From Bryan Garner

Lesson # 242

Replicating Good Prose from Memory.

In Lesson #235: Learning to write by sedulous aping, we saw how useful it is to try replicating a choice passage from an excellent writer. It's perhaps the best way to develop your writerly chops. Many readers requested more lessons with similar exercises. I'm happy to oblige.

Among the best academic writers today is Felipe Fernandez-Armesto, professor of arts and letters at the University of Notre Dame. His 2015 book A Foot in the River is chock-full of superlative prose. I recommend it to you.

Here's the first passage for our exercise. Read it, study it, and try to memorize the phrasing within two minutes.
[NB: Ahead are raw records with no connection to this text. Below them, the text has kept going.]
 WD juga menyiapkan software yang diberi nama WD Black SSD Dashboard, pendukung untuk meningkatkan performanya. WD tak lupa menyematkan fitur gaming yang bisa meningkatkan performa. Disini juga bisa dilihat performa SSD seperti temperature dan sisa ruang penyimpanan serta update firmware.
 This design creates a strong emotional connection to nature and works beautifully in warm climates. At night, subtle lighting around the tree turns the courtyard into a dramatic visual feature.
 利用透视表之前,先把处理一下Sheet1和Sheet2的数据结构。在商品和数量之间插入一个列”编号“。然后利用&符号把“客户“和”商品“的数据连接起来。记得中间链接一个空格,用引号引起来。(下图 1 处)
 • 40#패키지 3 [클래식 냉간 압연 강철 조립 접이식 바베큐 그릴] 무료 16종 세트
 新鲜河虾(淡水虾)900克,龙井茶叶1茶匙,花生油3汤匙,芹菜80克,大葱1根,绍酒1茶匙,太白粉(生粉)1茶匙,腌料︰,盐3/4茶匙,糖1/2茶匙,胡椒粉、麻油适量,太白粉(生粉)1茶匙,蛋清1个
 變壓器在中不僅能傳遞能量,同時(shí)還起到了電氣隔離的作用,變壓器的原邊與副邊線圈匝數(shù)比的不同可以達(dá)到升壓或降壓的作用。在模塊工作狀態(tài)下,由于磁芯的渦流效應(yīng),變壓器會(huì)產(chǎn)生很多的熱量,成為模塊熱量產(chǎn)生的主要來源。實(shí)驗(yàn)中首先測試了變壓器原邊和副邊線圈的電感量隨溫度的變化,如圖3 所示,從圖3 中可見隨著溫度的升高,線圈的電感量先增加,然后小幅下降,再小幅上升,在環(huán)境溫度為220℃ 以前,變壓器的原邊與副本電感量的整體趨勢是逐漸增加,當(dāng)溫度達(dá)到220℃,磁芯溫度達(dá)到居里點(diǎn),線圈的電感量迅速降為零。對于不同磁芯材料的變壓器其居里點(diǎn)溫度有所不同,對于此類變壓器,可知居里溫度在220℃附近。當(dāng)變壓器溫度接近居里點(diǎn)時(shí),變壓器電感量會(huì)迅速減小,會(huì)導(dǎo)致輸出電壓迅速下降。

Then put it aside and try to re-create it without looking back:

We live on a weird planet. As far as we know, all the others are pretty much inert. Gases and dust swirl. Occasional cosmic events---experienced on earth, too, such as a blip in an orbit, the tilt of an axis, an errant meteor---may alter the environment. But most changes on most planets happen predictably, within a narrow compass, or are measurable on a slow scale of millions of years. [P. 1.]

That's surely not your style. It may never become your style. But if you can replicate it now, and if you can replicate other good styles, you're on your way to being a true stylist in your own way. You're on your way to mastering syntax, word choice, punctuation, and phrasing.
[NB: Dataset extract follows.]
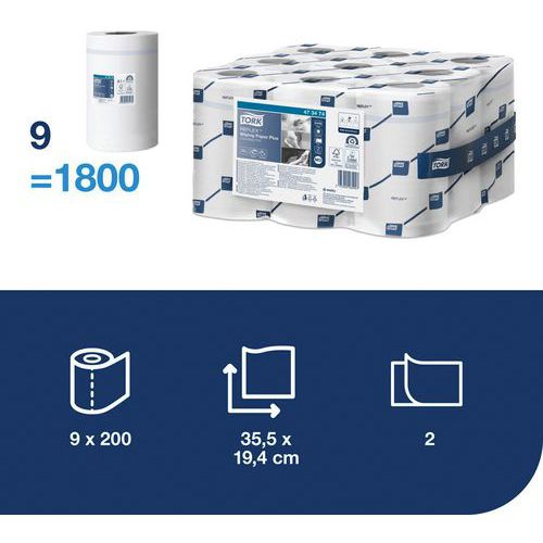 Bobina de papel muy resistente y ultraabsorbente con tecnología Quick Dry. Modelo en 2 grosores. Hojas precortadas.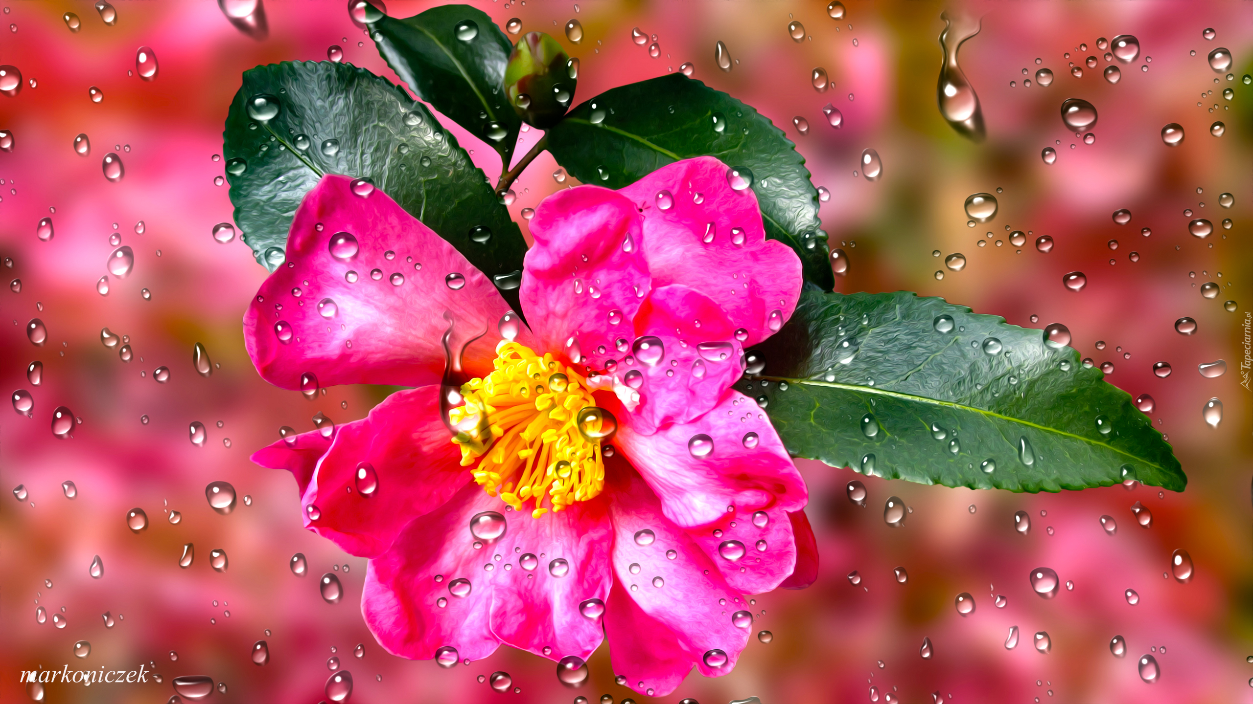Edytor tapety: Kamelia w kroplach wody

You can see, I imagine, why both David Foster Wallace and Robert Louis Stevenson (along with many other literary luminaries) used this very exercise when learning to write—-really write.

Let's try one more:

Humans are not the only creatures with culture; over the last 60 years or so, scientists have identified culture among many primate species and claimed it for many others, including examples to be paraded in this book, like the menagerie of some fantastic Barnum and Bailey, such as dolphins, whales, elephants, rats, and even bacteria. Human cultures, however, are different: in comparison with other species, we are strangely unstable. [P. 3.]

Again, two minutes of reading and rereading, then try re-creating it. See whether your own version holds a candle to Fernandez-Armesto's.

Wallace and Stevenson usually found that their own efforts weren't nearly as good as the writing they were trying to copy. They learned from that. And in the process of mastering the building blocks, each developed a highly distinctive style.

It's true that this lesson requires more effort on your part than most. But the rewards to be reaped are great.